The important point in light of this concept... is "tech debt" something that happens occasionally? or is this the default way your team goes about building products? Now, if it is the general state of affairs, what have you personally done to fix this process failure? More often then not I see developers shrugging off personal responsibility for their company process here. In my book that's not cool. Highly compensated employees (many/most software people are highly compensated employees) should take some ownership of the process.
Continuing on with other things I see somewhat frequently (shout out to @DrThunder for reminding me)... Often enough people just don't understand why something was built or how it works. This is especially common with required complexity. Many times people will complain about something being complex or built incorrectly, and then they come to find out that the complexity was necessary, and its not tech debt at all... just a complex feature that NEEDED to be built a certain way.
There are also tons of things we build, that realistically just aren't valuable enough to warrant a refactor or even a strong design. We all know this will occasionally bite you in the ass... sometimes someone decides a crappy feature should be a flagship feature, but its not a daily occurrence. We all intuitively know this. Not every script you write in your dev scratchpad will turn into a multi-million dollar business or feature. And not every endpoint is worth getting the latency down. So why then sit around complaining about this kind of tech debt when you know the system isn't that valuable?
Another thing, which is tangential but important - poor interim decisions. There seems to be the idea out there that "tech debt" is black and white. Either a system is in great shape or its in terrible shape. Either it needs work or doesn't need work.
This belief system in particular bothers me. No system is perfect. Most systems aren't irredeemable. So lets say that you don't get the full time necessary to clean a system up. Is all hope lost? Hell no. What's wrong with trying to get as close as possible to the right solution? What's wrong with setting stuff up so the next time you're in there you can do more of gods work getting the system to where it needs to be? If the tech debt is that bad, progressive improvements should be no problem. Solid improvements should happen every time you work on the system. Any valuable system should give you numerous opportunities for improvement. So how come there aren't more incremental improvements?
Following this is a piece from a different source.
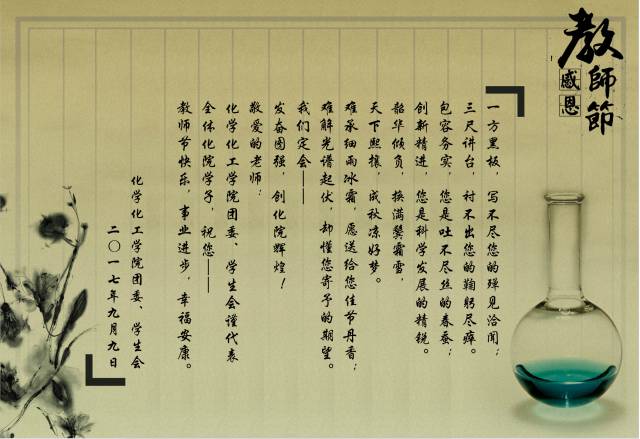 为了在教师节学院老师致以节日祝福,展示化院学子朝气蓬勃、开拓创新的精神面貌,坚定师范生职业理想信念,2017年9月10日,在校团委的号召和学院学生会的动员、组织下,成功开展了“谢师恩”系列活动,以发送电子贺卡、录制祝福视频、送手工礼物、鲜花、宣誓等多种形式向学院老师送去了真挚的祝福。
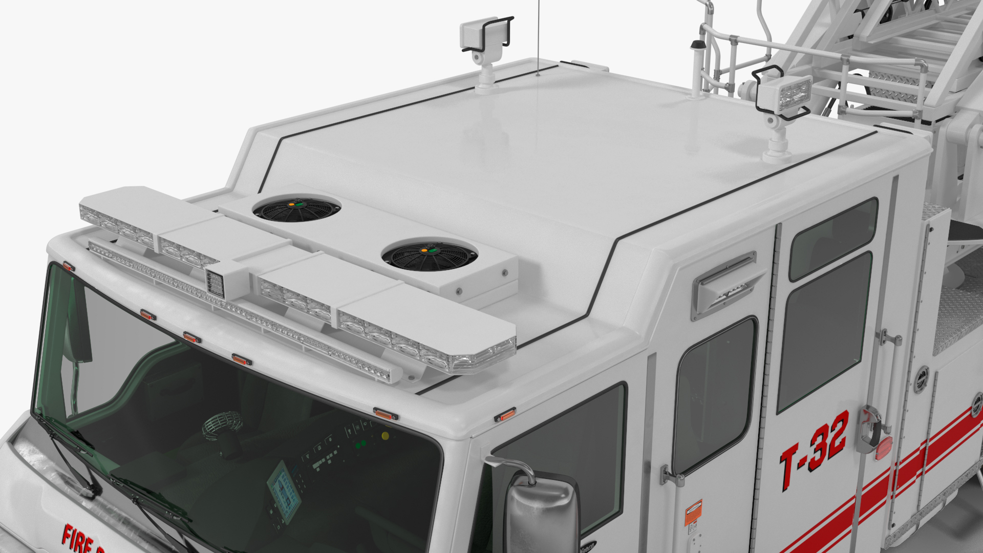 White Velocity Ascendant Fire Truck is a three-dimensional model of fire engine truck which features an extendable ladder, a spacious cabin, and compartments for firefighting equipment.

The last thing I will say before I close out. Unless I have just inherited a legacy system its rare to catch me complaining about tech debt in a system. Why? Well for starters, I'm generally a happy person. That helps. The next important thing though is if I own a system and its in bad shape I'll work some extra hours to get it in to respectable shape. Why? Because I don't like being miserable at work everyday. I also don't like giving away my time, but thats the real world. More often than not you can do some major fixes pretty quick if you don't let the codebase shift too much while you are working on it. If you want a system to be in good shape you have to take ownership of the system.